Кочевые повести - Илья Одегов
– Пойду схожу, – бормотал Степаныч, – погляжу, как оно там. Пройдусь, посмотрю…
Он хорошо, на два замка, запер дверь и принялся медленно спускаться по лестнице. Дошел до первого этажа и свернул в коридорчик, где стояли почтовые ящики. В ящике лежала какая-то ерунда: листовки, рекламные проспекты, старые счета. Над его головой громыхнула дверь, и по лестнице застучали торопливые шаги. Степаныч развернулся посмотреть, кто это, и увидел, как мимо промчался силуэт с пузатыми пакетами в руках, промчался и выскочил из подъезда.
Степаныча охватили подозрения, и он кинулся следом. Выбежал на улицу, прищурился от света, глянул вниз и увидел под ногами мешки, полные мусора.
– Эй, стой! А ну, стой!

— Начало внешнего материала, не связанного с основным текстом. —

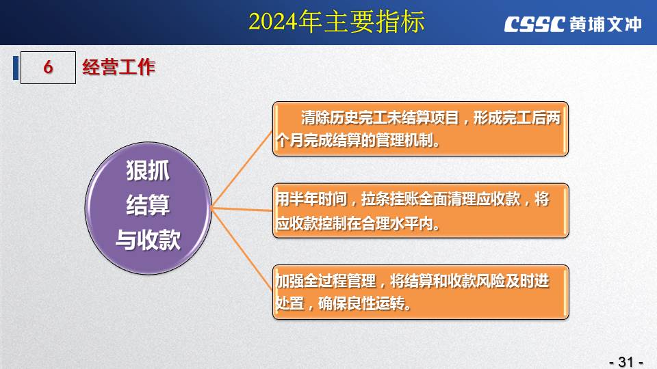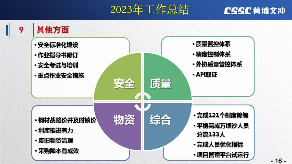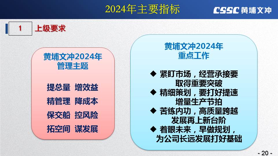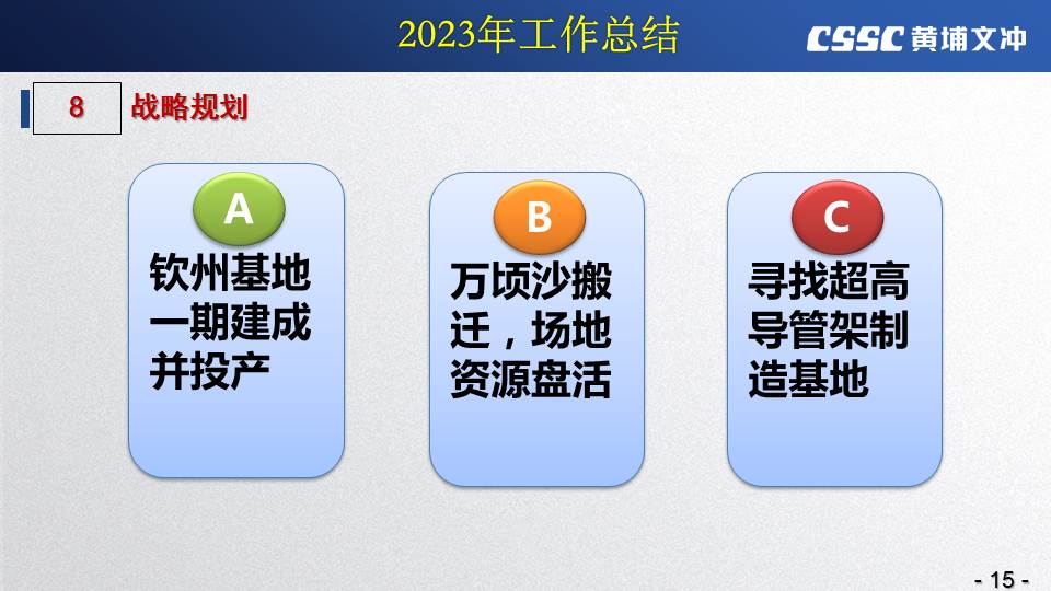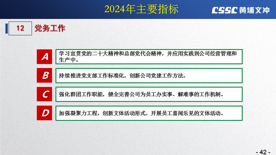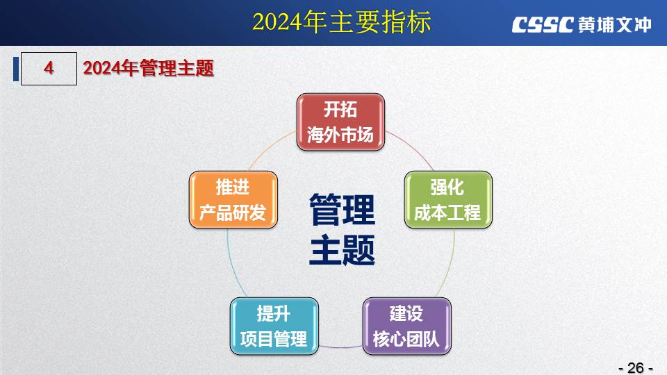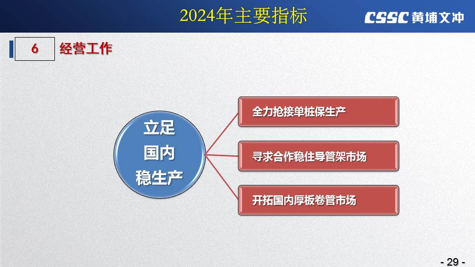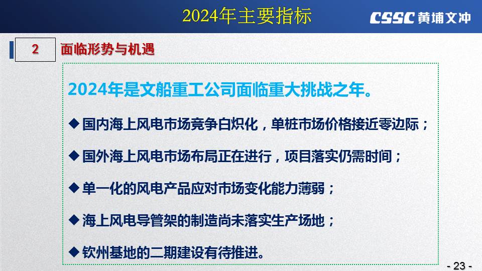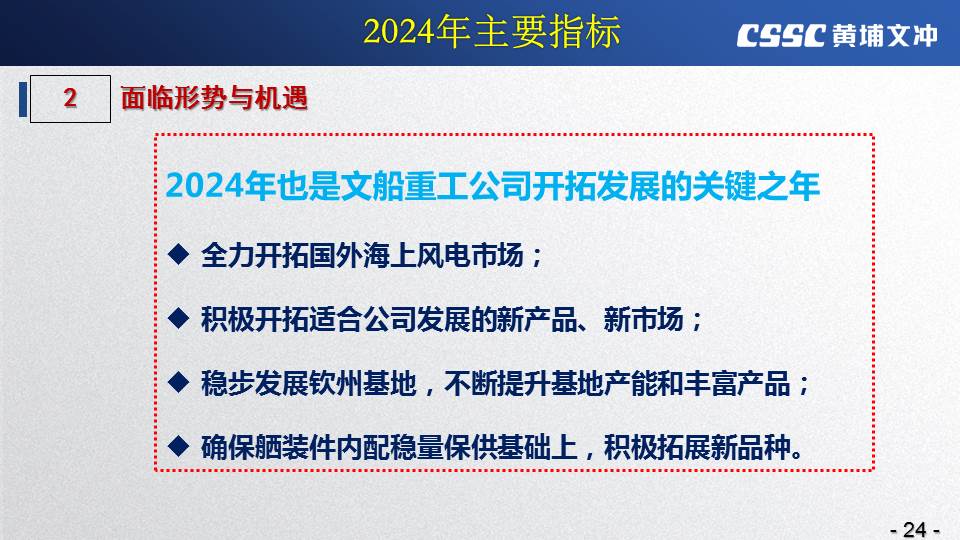 黃埔文沖公司羅兵總經(jīng)理指出,公司在過(guò)去的一年所取得的成績(jī)不容易,指標(biāo)基本完成,海外訂單有實(shí)質(zhì)性突破,國(guó)內(nèi)訂單承接情況不錯(cuò),管理團(tuán)隊(duì)精氣神不錯(cuò)。面對(duì)當(dāng)前的形勢(shì)機(jī)遇,羅總指出公司的未來(lái)發(fā)展大有希望!羅總要求全體干部員工要繼續(xù)保持高昂的斗志和滿滿的信心,繼續(xù)奮斗,并就公司2024年工作作了以下重要指示:

Ты где? – закричал Степаныч, оглядываясь, и заметил человека, суетившегося у машины.
– Эй! Иди сюда! – Степаныч побежал к нему, пытаясь разглядеть лицо. – Это… ты? Колька, что ли? Ты не охренел ли, а? Гаденыш, хипстер, бляха-муха. А ну, стоять!
Колька запрыгнул в длинный белый «мерс», но не успел закрыться, а Степаныч уже догнал его. Дернул дверь на себя, выволок Кольку за шкирку наружу и потащил к подъезду.

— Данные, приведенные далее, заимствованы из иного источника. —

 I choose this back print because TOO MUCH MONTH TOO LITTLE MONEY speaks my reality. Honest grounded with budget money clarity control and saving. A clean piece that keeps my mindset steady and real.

– А ну, мусор свой убирай! Развел тут свинарник!
Колька попытался вырваться. Степаныч толкнул его вперед, и Коля неловко упал, распластавшись на вышарканном бетоне и угодив коленом прямо в пакет с мусором. Пакет лопнул, и из него вывалились какие-то окурки, огрызки…
Коля всхлипнул. Шарф слетел, и из пальто торчала его тощая белая шея. Да и весь Коля был какой-то тощий, нескладный, несчастный. Степаныч вдруг остыл и наклонился к нему.
– Ладно, Колька, ты чего, а? Ладно, извини. Достало меня просто, живем как в хлеву, как свиньи… Ушибся, поди? Давай помогу.
Колька оттолкнул протянутую руку старика и вскочил на ноги.
– Пожалеешь, сука, – прошипел он и пошел прихрамывая к своему автомобилю.
Степаныч оторопел и, не зная, что ответить, смотрел, как Колька сел в машину, завел ее и медленно тронулся. На крыльцо, прошелестев крыльями, приземлился толстый голубь и стал клевать рассыпавшиеся из пакета хлебные крошки, но Степаныч топнул ногой и отогнал его, а потом нагнулся и принялся собирать мусор. Проезжая мимо подъезда, Колька остановился и достал из бардачка черный травматический пистолет. Степаныч, тяжело дыша, собирал рассыпанные по земле окурки. Колька опустил окно, прицелился и выстрелил.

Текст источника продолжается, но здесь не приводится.